Her temple sported a bruise from Ron’s check, the mottled color half camouflaged by the scrape from her helmet. Brienne was used to blemishes—zits and hits and blisters—but her teeth clenched as her skin shifted around the soft spot. Her eyes darted from the red indentation on Jaime’s cast to her own reflection in the dropdown mirror. Her brittle fringe distorted the defect, making her stomach burn. She stubbornly dug a rubber band from her pocket, yanking her hair into a sloppy ponytail.
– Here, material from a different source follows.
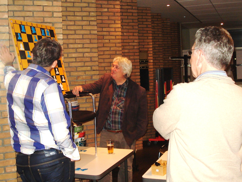 Foto: Schaaklegende Jan Timman demonstreert zijn winstpartij. Kasteelschaker Willem van Berkel is aandachtig toeschouwer. Fotograaf: Ritchy Duin

Jaime didn’t comment. He didn’t need to. His eyes simmered, flickering green as her reflection’s flashed blue. A proud smile stole across his mouth.

There was a sense of immediacy in approaching West Eros High from the senior side, like knowing an artist’s life story before examining the painting. The main doors were splayed wide, beckoning its eldest students onward. Teens were streaming and milling and clustering, deceptively relaxed amidst the daily greetings. The sunrise haloed the scene like the start of a horror movie: warm, yellow and pink sunshine belying the shadows that could descend without warning.

“Don’t tell me you’re scared of that,” Jaime snorted, nodding to a distant, slender junior giggling at Robb Stark as he walked by, unaware. Brienne was sure the girl had said something hurtful the day before, but she couldn’t recall what it was.

“I’m not scared,” she mumbled, obstinate, and shoved out of the car to add veracity to her claim.

“Good,” he said evenly.

Brienne eased around the Rover to meet him. His eyes flickered to her hands, wrapped tight in the straps of her backpack. Her limbs seemed disconnected from the signals she tried to send, unwilling to yield that last bit of security.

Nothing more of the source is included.